About this exercise
Unless a line falls after the one with "The accompanying illustration", retype it exactly from the records below; leave out all pictures.
------------------------
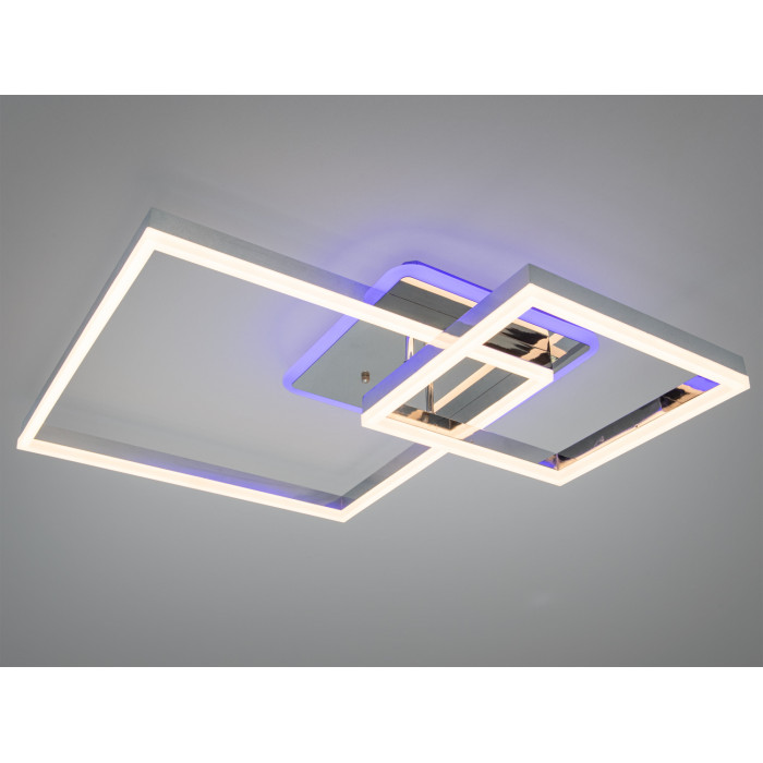 Світлодіодна стельова люстра у чорному виконанні з чотирма квадратними рамками поєднує геометричний дизайн і продуману функціональність. Модель орієнтована на комфорт щоденного користування: дистанційне керування, зміна колірної температури та димер дозволяють налаштовувати атмосферу під конкретну задачу — від робочої концентрації до вечірнього відпочинку.
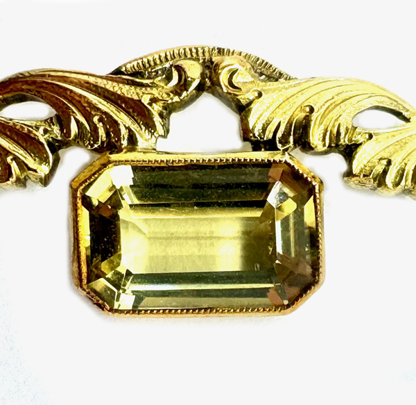 Vintage, 750er Gelbgold, sechs naturalistisch gearbeitete Blätter wechseln im Kreis mit sechs ovalen Amethysten, Dm.: 3,4 cm.
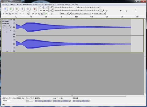 A図のファイルをB図の反転RIAA特性を通すと以下のWAVEになります。
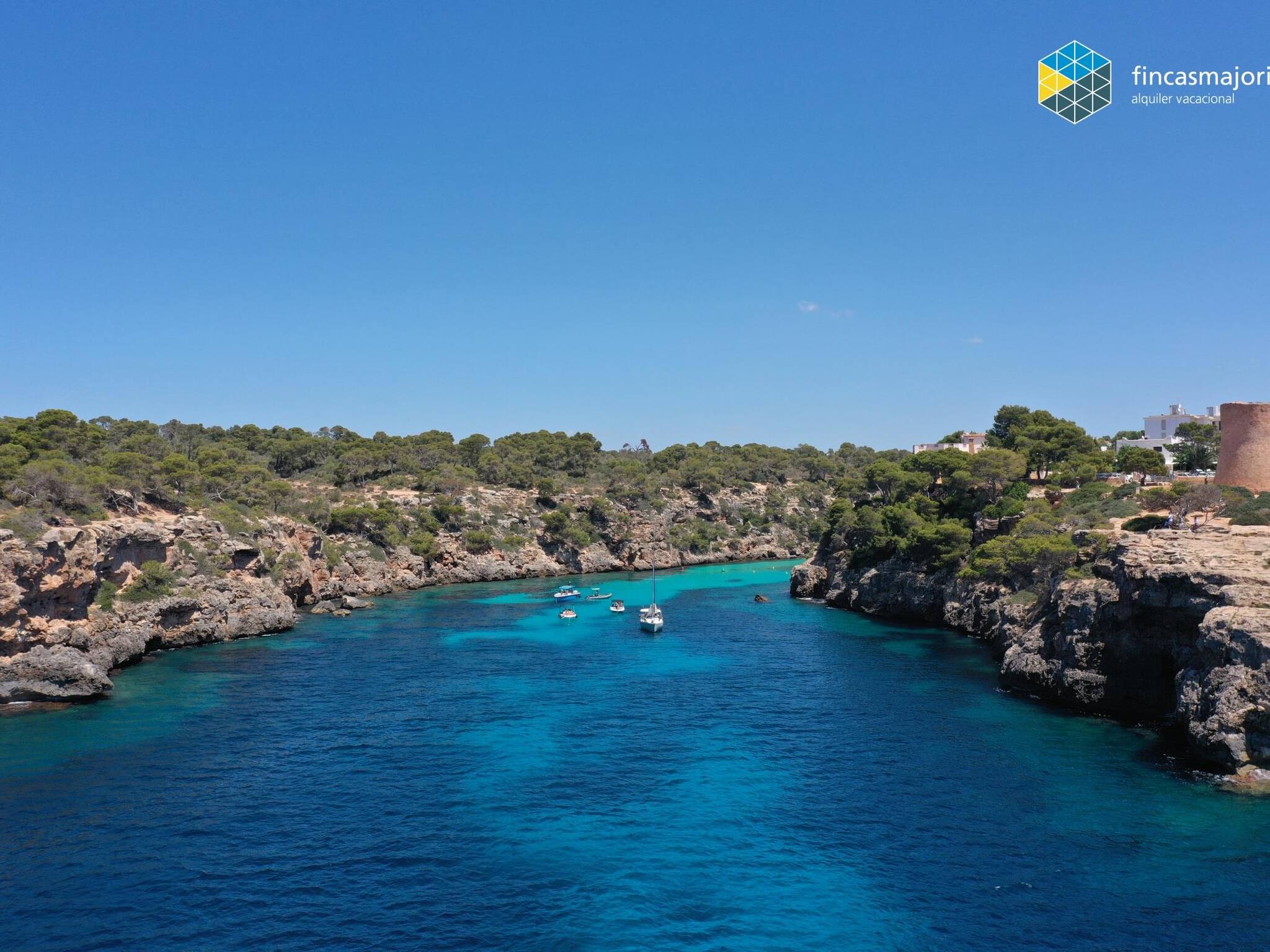 La playa de Cala Pi, situada a escasos 500 metros de la villa, está considerada por muchos como la playa perfecta, protegida entre dos acantilados, con arena dorada y aguas azul turquesa. El acceso a la playa es cómodo y se realiza por una escalinata accesible a todas las edades.
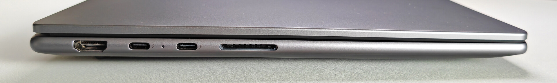 Nosso dispositivo de teste da Intel é cinza, mas, fora isso, o gabinete não é diferente da versão da AMD. Como esperado, o suporte Thunderbolt 4 é fornecido para as conexões, mas o leitor de cartão SD completo no lado esquerdo é um pouco mais surpreendente. As taxas de transferência são médias, de aproximadamente 80 MB/s, mas os cartões não podem ser inseridos muito longe e ficam muito soltos, o que faz com que os cartões de memória possam cair rapidamente.
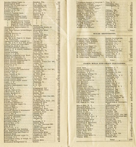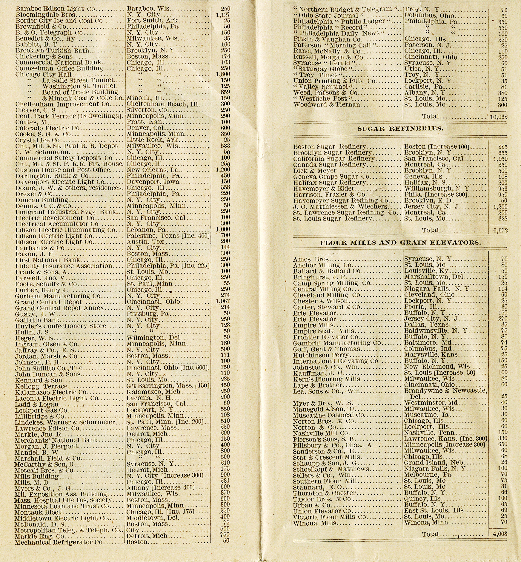 The accompanying illustration is a sample portion list of names and locations of both private "isolated plant" and also public "central station" electric dynamo installations across the United States and the capacity number of incandescent lamps fed by each and all.
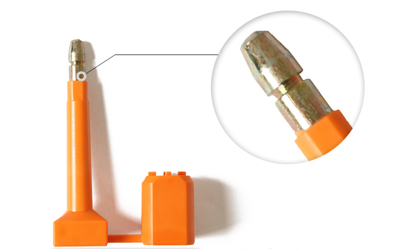帶有“防轉(zhuǎn)”功能,鎖后不能被高速旋轉(zhuǎn)拉出;產(chǎn)品套子里有卡簧式的鎖條,產(chǎn)品鎖上后,卡簧與桿子的金屬頭作用,嵌入金屬頭部的凹槽,達(dá)到封鎖作用。
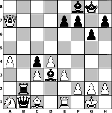 game notation in PGN-format [Event "Sommerpause"] [Site "www.myChess.de"] [Date "2011.06.29"] [Round "1"] [White "Steffi"] [Black "ndziemba"] [ECO "D20"] [WhitemyELO "1525"] [BlackmyELO "1531"] [Result "0-1"] [TimeControl "10/864000"] [WhiteDays "03"] [BlackDays "10"] [MyChessNo "74756"] 1. d4 d5 2. c4 dxc4 3. Nc3 Nf6 4. Nf3 g6 5. e3 Bg7 6. Bxc4 O-O 7. O-O Bf5 8. Qb3 Nc6 9. Qxb7 Na5 10. Qa6 Nxc4 11. Qxc4 Be6 12. Qe2 Qd6 13. Rd1 Nd5 14. a3 Nxc3 15. bxc3 c5 16. Bb2 Rab8 17. Rac1 Bb3 18. Rd2 c4 19. Ne1 Rfc8 20. Nc2 Bh6 21. Na1 Ba2 22. Re1 Rb5 23. Bc1 Bb1 24. Rb2 Bd3 25. Qd2 Rxb2 26. Qxb2 Rb8 27. Qa2 Qb6 28. a4 Qb1 29. Qa3 Bf8 30. Bd2 Qb2 31. Bc1 Qb7 32. Qc5 Qb1 33. Qxa7 Rb2 0-1 position notation in FEN-format 5bk1/Q3pp1p/6p1/8/P1pP4/2PbP3/1r3PPP/NqB1R1K1 - - - 1 34 Captured white pieces: Captured black pieces: Click on a captured piece in order to display the desired move!
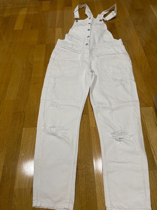 Mono largo de tela vaquera en color blanco. Presenta un diseño desgastado con rotos en las rodillas y bolsillos. - Tirantes ajustables. - Cierre de botones en la parte delantera. - Bolsillos delanteros y traseros.
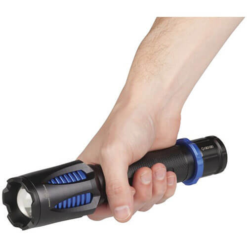This heavy duty, aircraft-grade aluminium torch is made for use in the toughest of conditions. It features an o-ring seal protecting the inside from the elements including rain and dust. The ergonomic design of the torch handle prevents it from slipping from your hand. An ultra-bright 4000 lumen LED light produces a beam that reaches 320 metres and provides up to two hours of continuous use. An adjustable head allows you to focus the beam, and you can utilise the three light modes: high, low and off. When the battery power is low, remove the batteries and charge them from any USB power source using the supplied cradle and MicroUSB cable
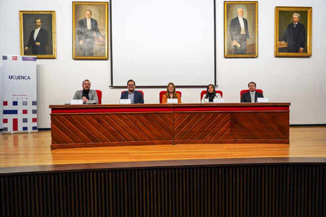También de la Universidad de Cuenca, los doctores Montserrat Jérves y Juan Leonardo Espinoza, vicerrectores de Investigación y Académico, en su orden; doctora Ximena Peñaherrera, directora de Cultura; y arquitecto Juan Pablo Carvallo Ochoa, director de Innovación y Transferencia Tecnológica.
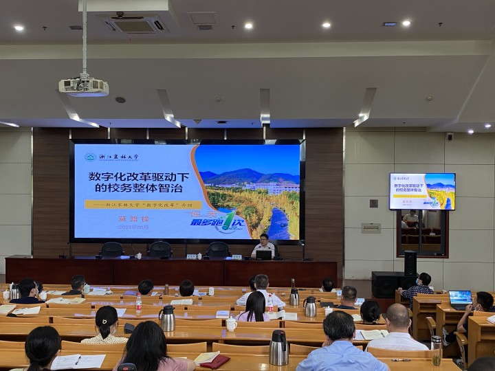 最后,会议还邀请了浙江农林大学信息中心主任莫路锋教授,围绕“数字化改革驱动下的校务整体智治”做专题讲座。
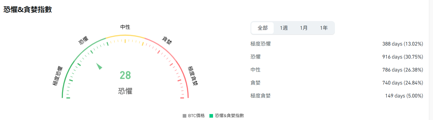 恐懼與貪婪指數最新報 28 (恐懼區間)。
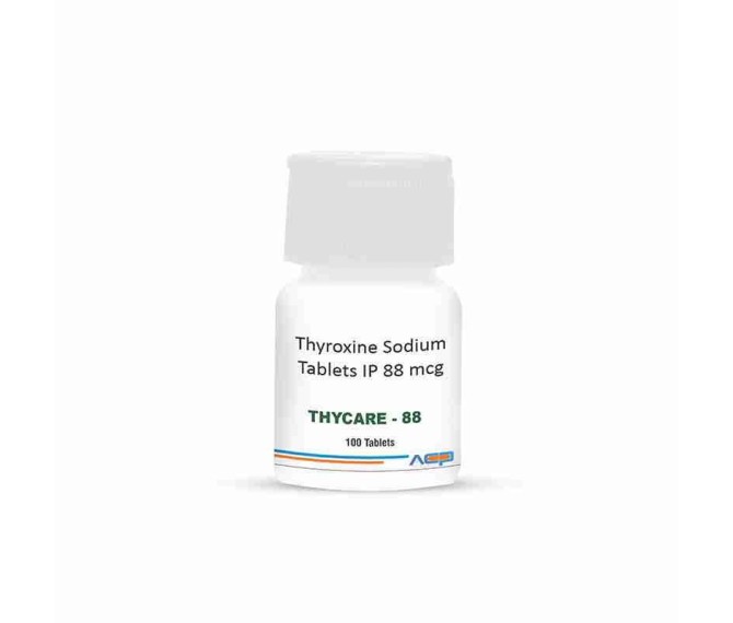 Composition : Thyroxine 88 Mcg Packing : 1*100 Type : Hdpe Bottle Detail:-Thycare 88 contains levothyroxine 88 mcg for thyroid hormone support in hypothyroidism. Quality you can trust from Asto Care Pharma.
------------------------
Answer to this task
 Світлодіодна стельова люстра у чорному виконанні з чотирма квадратними рамками поєднує геометричний дизайн і продуману функціональність. Модель орієнтована на комфорт щоденного користування: дистанційне керування, зміна колірної температури та димер дозволяють налаштовувати атмосферу під конкретну задачу — від робочої концентрації до вечірнього відпочинку.
 Vintage, 750er Gelbgold, sechs naturalistisch gearbeitete Blätter wechseln im Kreis mit sechs ovalen Amethysten, Dm.: 3,4 cm.
 A図のファイルをB図の反転RIAA特性を通すと以下のWAVEになります。
 La playa de Cala Pi, situada a escasos 500 metros de la villa, está considerada por muchos como la playa perfecta, protegida entre dos acantilados, con arena dorada y aguas azul turquesa. El acceso a la playa es cómodo y se realiza por una escalinata accesible a todas las edades.
 Nosso dispositivo de teste da Intel é cinza, mas, fora isso, o gabinete não é diferente da versão da AMD. Como esperado, o suporte Thunderbolt 4 é fornecido para as conexões, mas o leitor de cartão SD completo no lado esquerdo é um pouco mais surpreendente. As taxas de transferência são médias, de aproximadamente 80 MB/s, mas os cartões não podem ser inseridos muito longe e ficam muito soltos, o que faz com que os cartões de memória possam cair rapidamente.
 The accompanying illustration is a sample portion list of names and locations of both private "isolated plant" and also public "central station" electric dynamo installations across the United States and the capacity number of incandescent lamps fed by each and all.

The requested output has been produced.